*AIM OF THE EXERCISE:*
Would you transcribe the records below from the line with "廣州旭眾食品機械有限公司是一" to the line with "他の画像を見る 紐部分のビジューが高級感をアップしてくれる♡ [an/アン]", ends included, exactly and with nothing more, leaving the pictures out?

*DATA TO USE:*
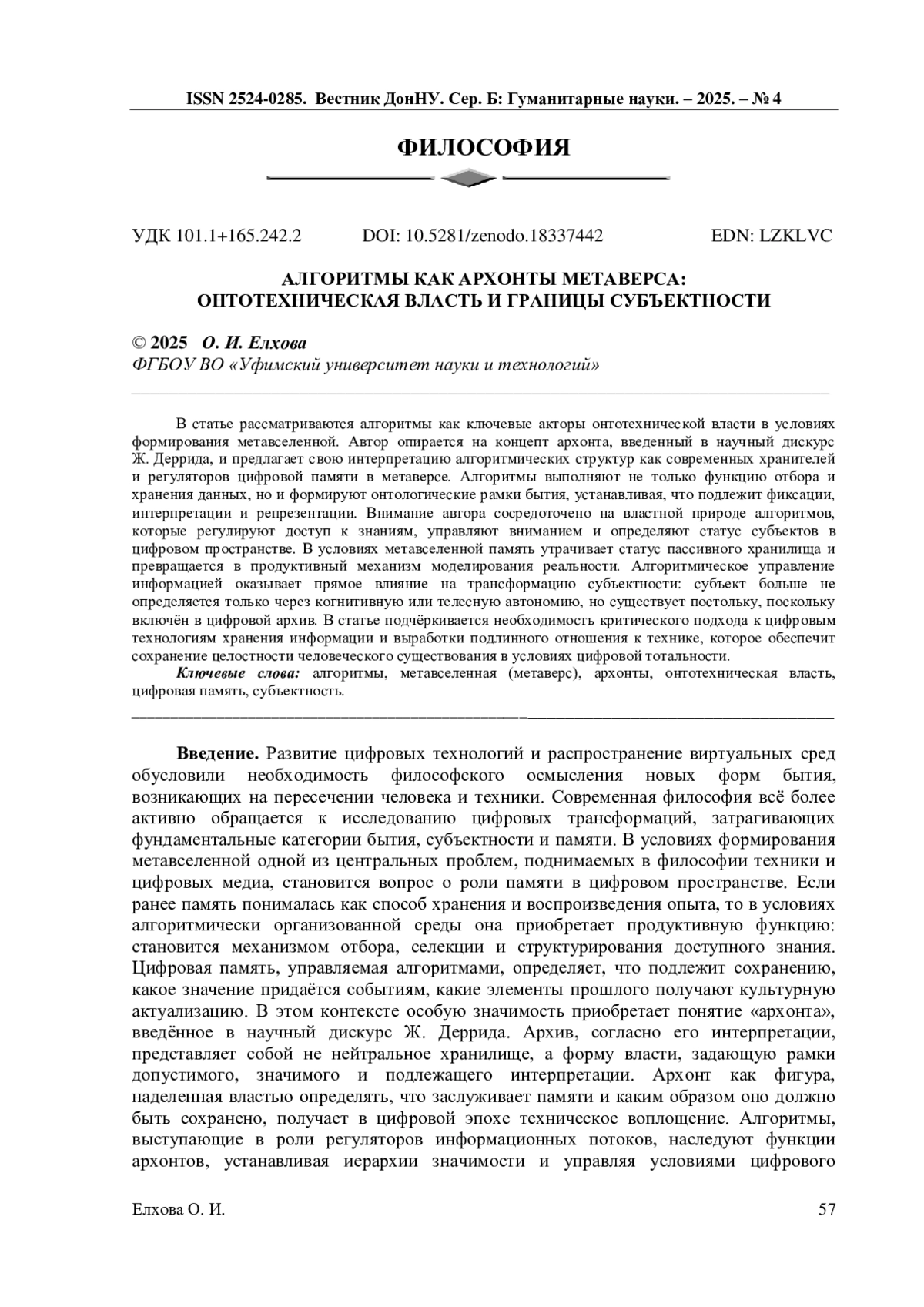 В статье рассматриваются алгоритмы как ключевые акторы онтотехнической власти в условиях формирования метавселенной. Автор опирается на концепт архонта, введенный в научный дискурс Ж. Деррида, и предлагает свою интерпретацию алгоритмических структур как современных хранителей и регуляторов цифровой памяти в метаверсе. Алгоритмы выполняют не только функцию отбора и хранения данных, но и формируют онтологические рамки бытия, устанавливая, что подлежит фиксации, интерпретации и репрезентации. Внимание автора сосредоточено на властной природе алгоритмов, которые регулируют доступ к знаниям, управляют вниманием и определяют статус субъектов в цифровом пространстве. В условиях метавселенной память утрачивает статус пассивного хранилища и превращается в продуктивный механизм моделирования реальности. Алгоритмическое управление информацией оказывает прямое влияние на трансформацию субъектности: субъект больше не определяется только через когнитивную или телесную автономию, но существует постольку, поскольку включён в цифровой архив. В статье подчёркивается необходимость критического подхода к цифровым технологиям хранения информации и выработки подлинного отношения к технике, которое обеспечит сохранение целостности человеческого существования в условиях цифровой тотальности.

==

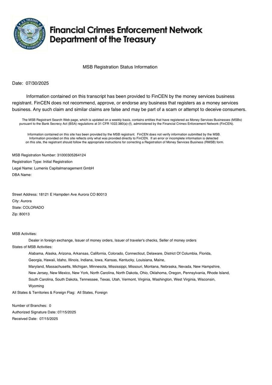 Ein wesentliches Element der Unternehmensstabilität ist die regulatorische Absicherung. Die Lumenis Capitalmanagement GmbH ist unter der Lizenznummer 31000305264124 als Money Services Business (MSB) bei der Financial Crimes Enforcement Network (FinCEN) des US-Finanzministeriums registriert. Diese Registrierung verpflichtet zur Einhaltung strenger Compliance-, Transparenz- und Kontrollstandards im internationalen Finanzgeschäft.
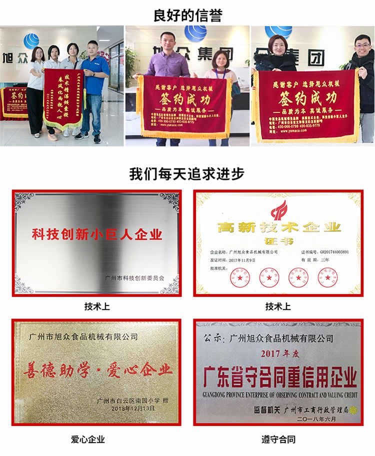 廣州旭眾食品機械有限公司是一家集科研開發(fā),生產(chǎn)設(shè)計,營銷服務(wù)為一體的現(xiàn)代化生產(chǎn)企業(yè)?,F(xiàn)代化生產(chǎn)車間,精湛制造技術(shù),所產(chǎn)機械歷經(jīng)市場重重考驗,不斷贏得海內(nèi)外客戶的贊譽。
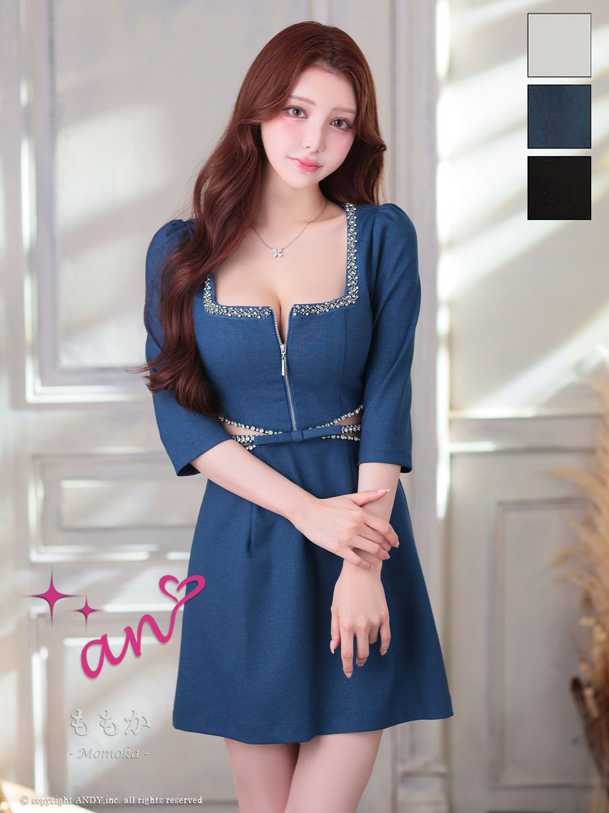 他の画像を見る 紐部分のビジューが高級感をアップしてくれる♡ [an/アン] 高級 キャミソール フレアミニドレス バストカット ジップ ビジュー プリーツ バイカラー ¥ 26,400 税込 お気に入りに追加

*EXERCISE OUTPUT:*
 廣州旭眾食品機械有限公司是一家集科研開發(fā),生產(chǎn)設(shè)計,營銷服務(wù)為一體的現(xiàn)代化生產(chǎn)企業(yè)?,F(xiàn)代化生產(chǎn)車間,精湛制造技術(shù),所產(chǎn)機械歷經(jīng)市場重重考驗,不斷贏得海內(nèi)外客戶的贊譽。
 他の画像を見る 紐部分のビジューが高級感をアップしてくれる♡ [an/アン] 高級 キャミソール フレアミニドレス バストカット ジップ ビジュー プリーツ バイカラー ¥ 26,400 税込 お気に入りに追加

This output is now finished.